1. Apa yang dimaksud dengan Guillain-Barré Syndrome (GBS)?
2. Apa saja etiologi Guillain-Barré Syndrome (GBS)?
3. Bagaimana klasifikasi Guillain-Barré Syndrome (GBS)?
4. Bagaimana patofisiologi Guillain-Barré Syndrome (GBS)?
5. Bagaimana gambaran klinis Guillain-Barré Syndrome (GBS)?
6. Bagaimana cara diagnosa dan kriteria diagnose Guillain-Barré Syndrome
(GBS)?
7. Apa saja diagnosis banding Guillain-Barré Syndrome (GBS)?
8. Bagaimana terapi Guillain-Barré Syndrome (GBS)?
9. Bagaimana prognosis Guillain-Barré Syndrome (GBS)?

1.3 Tujuan
1. Untuk mengetahui yang dimaksud dengan Guillain-Barré Syndrome (GBS).
2. Untuk mengetahui etiologi Guillain-Barré Syndrome (GBS).
3. Untuk mengetahui klasifikasi Guillain-Barré Syndrome (GBS).
4. Untuk mengetahui patofisiologi Guillain-Barré Syndrome (GBS).
5. Untuk mengetahui gambaran klinis Guillain-Barré Syndrome (GBS).
6. Untuk mengetahui cara diagnosa dan kriteria diagnosa Guillain-Barré
Syndrome (GBS).
7. Untuk mengetahui diagnosis banding Guillain-Barré Syndrome (GBS).
8. Untuk mengetahui terapi Guillain-Barré Syndrome (GBS).
9. Untuk mengetahui prognosis Guillain-Barré Syndrome (GBS).

1.4 Manfaat
1.4.1 Manfaat teoritis
Referat ini diharapkan dapat memberikan informasi mengenai Guillain-Barré
Syndrome (GBS), yang meliputi definisi, etiologi, klasifikasi, patofisiologi, gambaran
klinis, cara diagnosa, kriteria diagnosa, diagnosis banding, terapi, dan prognosis.

1.4.2 Manfaat praktis


Referat ini diharapkan dapat menjadi acuan untuk penulisan lebih lanjut
mengenai Guillain-Barré Syndrome (GBS).

2
BAB 2

TINJAUAN PUSTAKA

2.1 Definisi Guillain-Barré Syndrome (GBS)

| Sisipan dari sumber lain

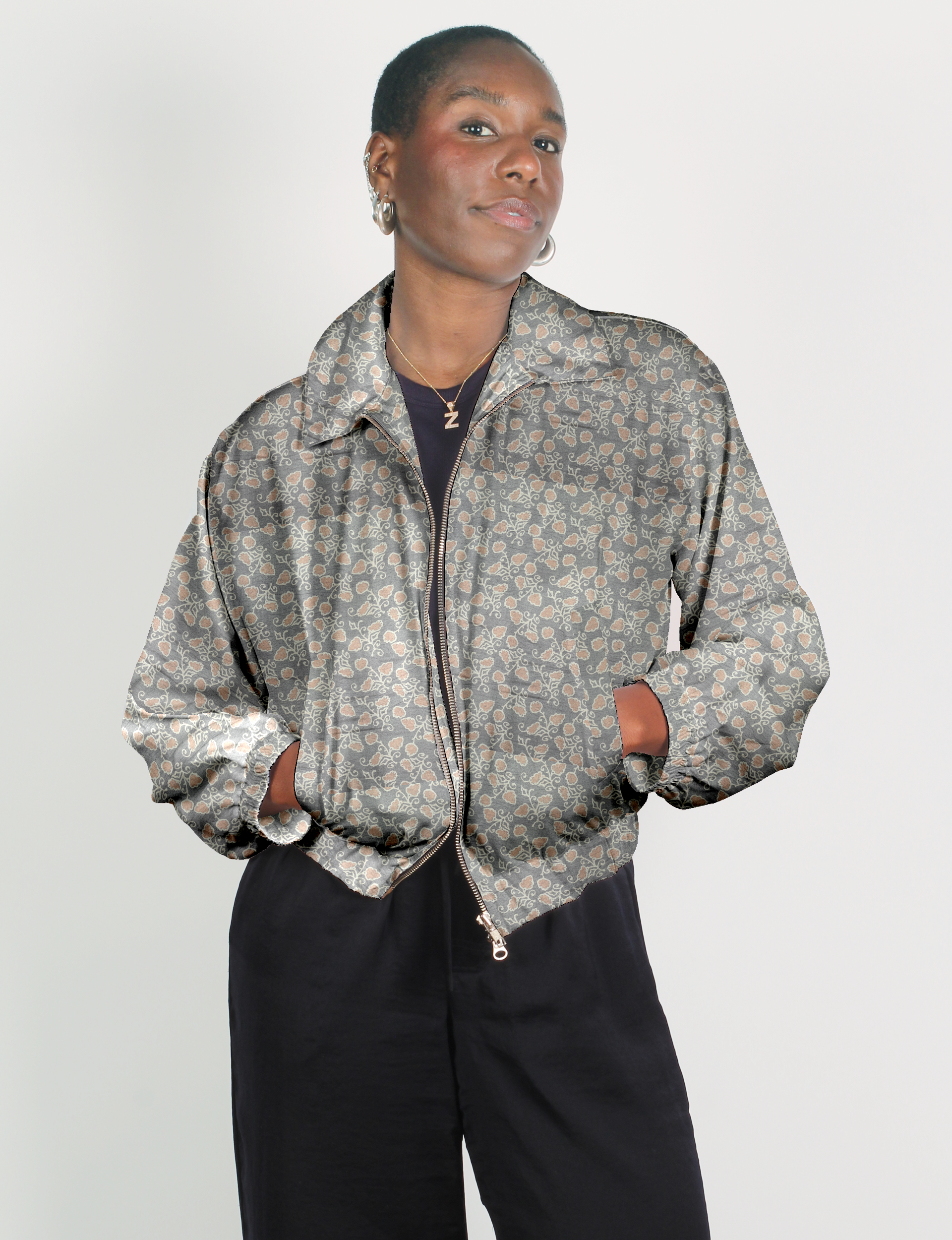 Unsere Bomberjacke ist ein unverzichtbares Must-have für Ihre Garderobe! Dieser Militärklassiker hat eine verkürzte Passform mit elastischem Saum, Bündchen und Bündchen. Sie verfügt über zwei Leistentaschen und zwei Metallreißverschlüsse auf der Vorderseite. Das Futter ist mit kontrastierendem Sari-Print und einem umklappbaren Kragen versehen. Die perfekte Schicht für Frühlingstage, kühle Abende oder klimatisierte Arbeitsplätze, ohne zu beschweren.

Guillain-Barré Syndrome (GBS) adalah suatu kelainan sistem kekebalan
tubuh manusia yang menyerang bagian dari susunan saraf tepi dirinya sendiri
dengan karekterisasi berupa kelemahan atau arefleksia dari saraf motorik yang
sifatnya progresif. Kelainan ini kadang-kadang juga menyerang saraf sensoris,
otonom, maupun susunan saraf pusat. Guillain-Barré Syndrome (GBS) merupakan
polineuropati akut, bersifat simetris dan ascenden, yang,biasanya terjadi 1 sampai 3
minggu dan kadang-kadang sampai 8 minggu setelah suatu infeksi akut.
Guillain-Barré Syndrome (GBS) merupakan polineuropati pasca infeksi yang
menyebabkan terjadinya demielinisasi saraf motoric, yang kadang juga mengenai
saraf sensorik. Selain itu, Guillain-Barré Syndrome (GBS) juga dapat didefinisikan
sebagai polineuropati yang menyeluruh, dapat berlangsung akut atau sub akut, yang
mungkin terjadi spontan atau sesudah suatu infeksi. Guillain-Barré Syndrome (GBS)
mempunyai banyak sinonim, antara lain:
1) Polineuritis akut pasca infeksi
2) Polineuritis akut toksik
3) Polineuritis febril
4) Poliradikulopati
5) Acute Ascending Paralysis

2.2 Etiologi Guillain-Barré Syndrome (GBS)


Mikroorganisme penyebab Guillain-Barré Syndrome (GBS) belum pernah
ditemukan pada penderita dan bukan merupakan penyakit yang menular, serta tidak
diturunkan secara herediter. Penyakit ini merupakan proses autoimun, tetapi sekitar
setengah dari seluruh kasus terjadi setelah penyakit infeksi virus atau bakteri seperti
dibawah ini:
1) Infeksi virus, meliputi: cytomegalovirus (CMV), Epstein-Barr Virus (EBV),
enterovirus, dan Human Immunodefficiency Virus (HIV).
2) Infeksi bakteri, meliputi: Campilobacter jejuni dan Mycoplasma
pneumonia.
3) Pasca pembedahan dan vaksinasi.

3
4) 50% dari seluruh kasus terjadi sekitar 1 sampai 3 minggu setelah terjadi
penyakit infeksi saluran pernapasan atas (ISPA) dan infeksi saluran
pencernaan.

2.3 Klasifikasi Guillain-Barré Syndrome (GBS)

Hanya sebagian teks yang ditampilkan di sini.